- _Problem details_:
When copying the entries below, leave out every picture and keep the rest exact.

= = = = =

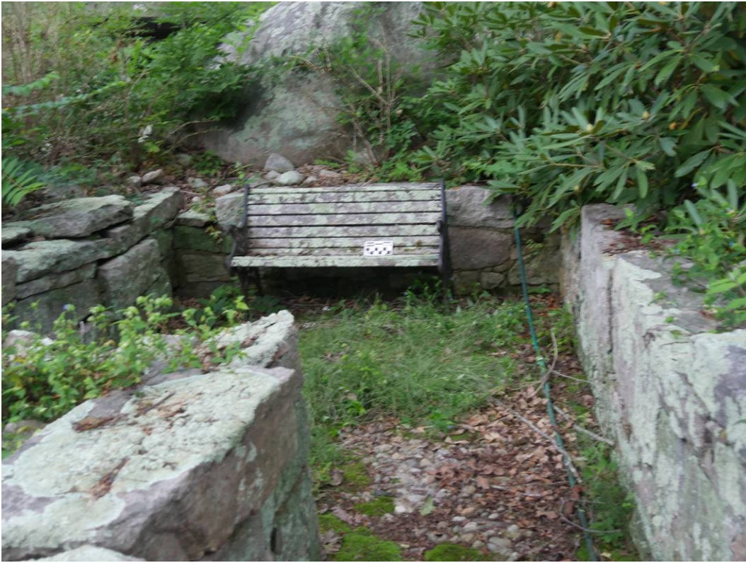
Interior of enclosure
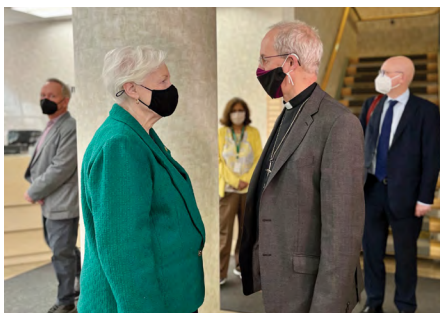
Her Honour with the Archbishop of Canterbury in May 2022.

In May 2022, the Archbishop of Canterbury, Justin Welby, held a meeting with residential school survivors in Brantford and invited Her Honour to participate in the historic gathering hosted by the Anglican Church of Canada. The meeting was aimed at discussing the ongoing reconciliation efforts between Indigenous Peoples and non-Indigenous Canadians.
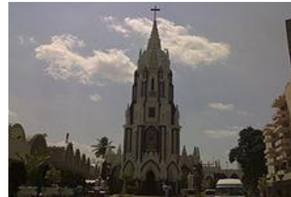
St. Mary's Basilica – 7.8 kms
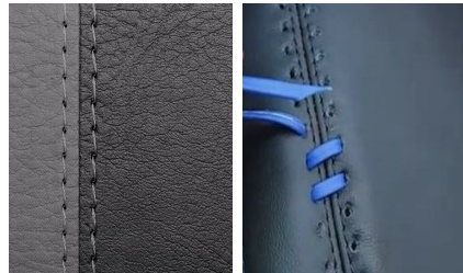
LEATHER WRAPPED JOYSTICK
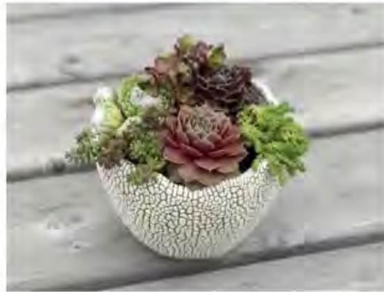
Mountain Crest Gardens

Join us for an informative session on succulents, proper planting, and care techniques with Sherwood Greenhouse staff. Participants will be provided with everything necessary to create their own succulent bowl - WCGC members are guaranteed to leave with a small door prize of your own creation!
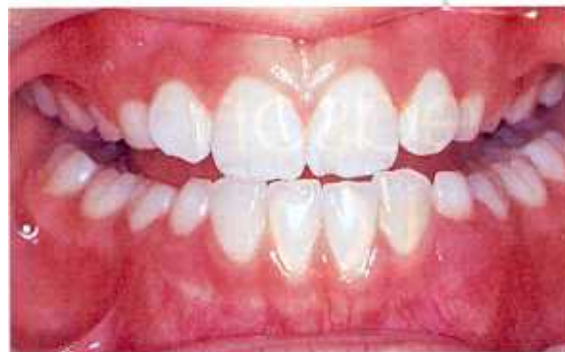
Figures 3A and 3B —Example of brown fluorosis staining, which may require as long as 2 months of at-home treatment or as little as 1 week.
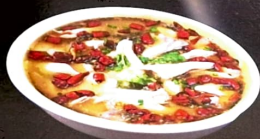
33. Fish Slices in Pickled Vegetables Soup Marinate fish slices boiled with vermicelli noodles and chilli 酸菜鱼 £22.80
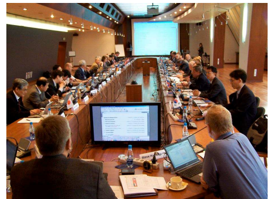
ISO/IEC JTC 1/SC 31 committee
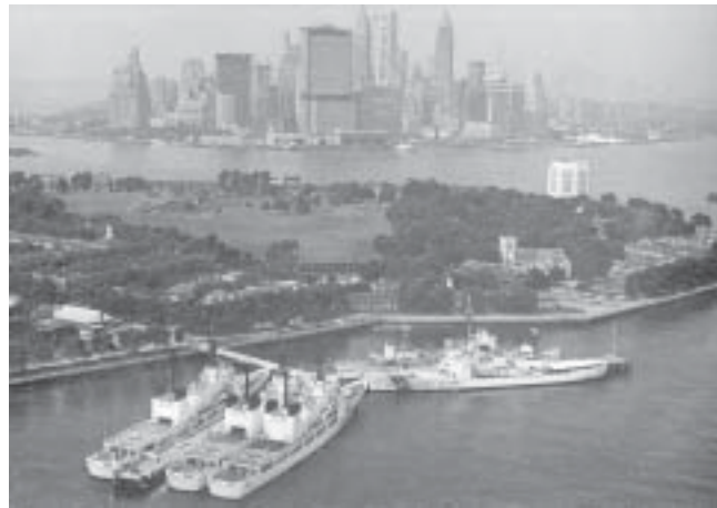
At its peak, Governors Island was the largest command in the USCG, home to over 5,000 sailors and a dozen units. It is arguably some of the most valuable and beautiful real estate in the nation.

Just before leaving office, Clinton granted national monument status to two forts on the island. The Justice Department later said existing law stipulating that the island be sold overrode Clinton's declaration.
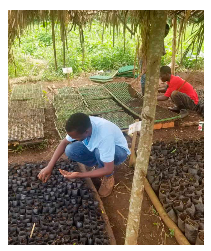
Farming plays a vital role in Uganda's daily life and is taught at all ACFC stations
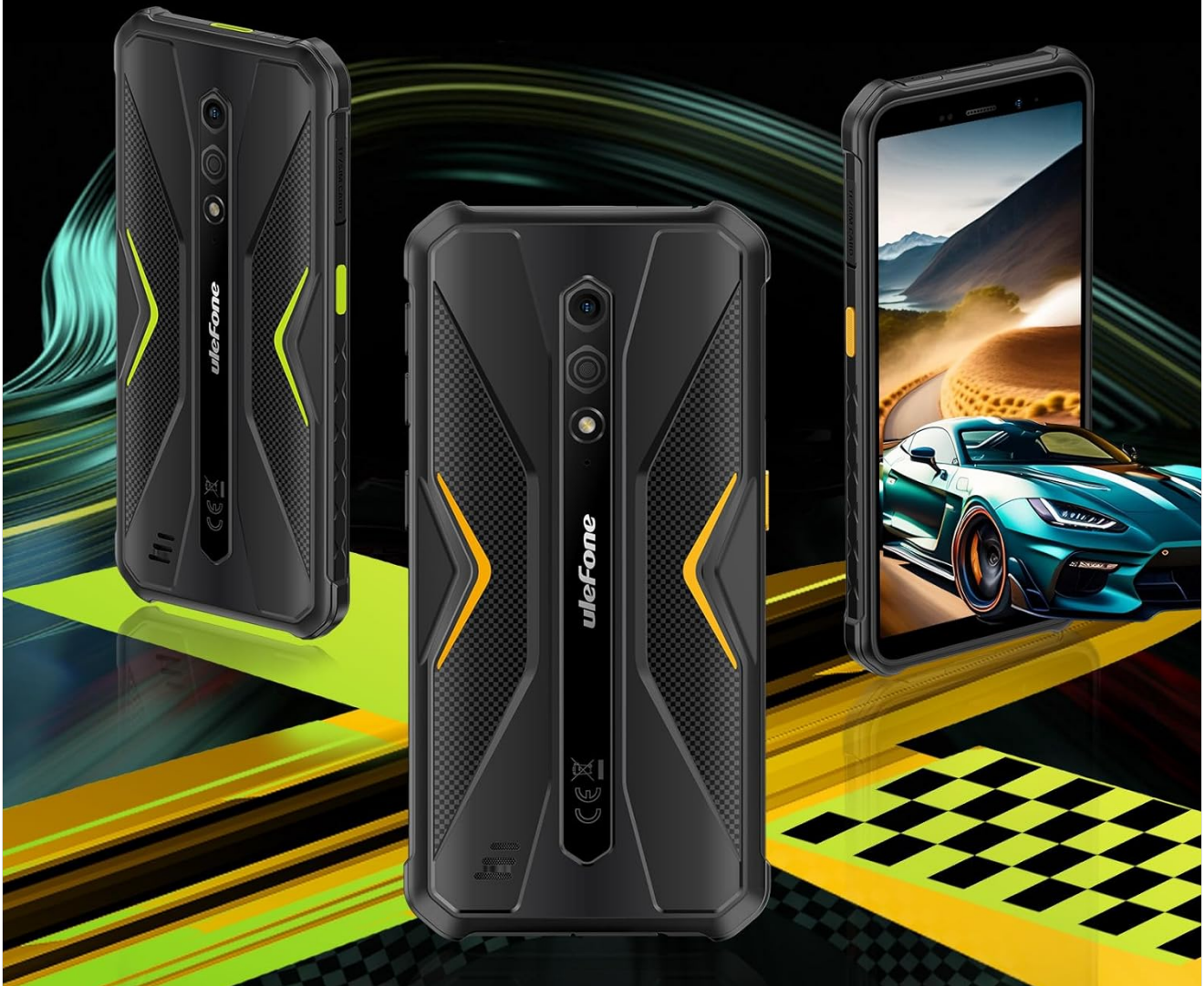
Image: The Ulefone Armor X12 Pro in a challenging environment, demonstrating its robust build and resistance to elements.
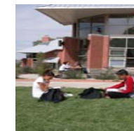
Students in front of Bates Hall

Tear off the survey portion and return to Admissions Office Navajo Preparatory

= = = = =

- _Response_:
Interior of enclosure
Her Honour with the Archbishop of Canterbury in May 2022.

In May 2022, the Archbishop of Canterbury, Justin Welby, held a meeting with residential school survivors in Brantford and invited Her Honour to participate in the historic gathering hosted by the Anglican Church of Canada. The meeting was aimed at discussing the ongoing reconciliation efforts between Indigenous Peoples and non-Indigenous Canadians.
St. Mary's Basilica – 7.8 kms
LEATHER WRAPPED JOYSTICK
Mountain Crest Gardens

Join us for an informative session on succulents, proper planting, and care techniques with Sherwood Greenhouse staff. Participants will be provided with everything necessary to create their own succulent bowl - WCGC members are guaranteed to leave with a small door prize of your own creation!
Figures 3A and 3B —Example of brown fluorosis staining, which may require as long as 2 months of at-home treatment or as little as 1 week.
33. Fish Slices in Pickled Vegetables Soup Marinate fish slices boiled with vermicelli noodles and chilli 酸菜鱼 £22.80
ISO/IEC JTC 1/SC 31 committee
At its peak, Governors Island was the largest command in the USCG, home to over 5,000 sailors and a dozen units. It is arguably some of the most valuable and beautiful real estate in the nation.

Just before leaving office, Clinton granted national monument status to two forts on the island. The Justice Department later said existing law stipulating that the island be sold overrode Clinton's declaration.
Farming plays a vital role in Uganda's daily life and is taught at all ACFC stations
Image: The Ulefone Armor X12 Pro in a challenging environment, demonstrating its robust build and resistance to elements.
Students in front of Bates Hall

Tear off the survey portion and return to Admissions Office Navajo Preparatory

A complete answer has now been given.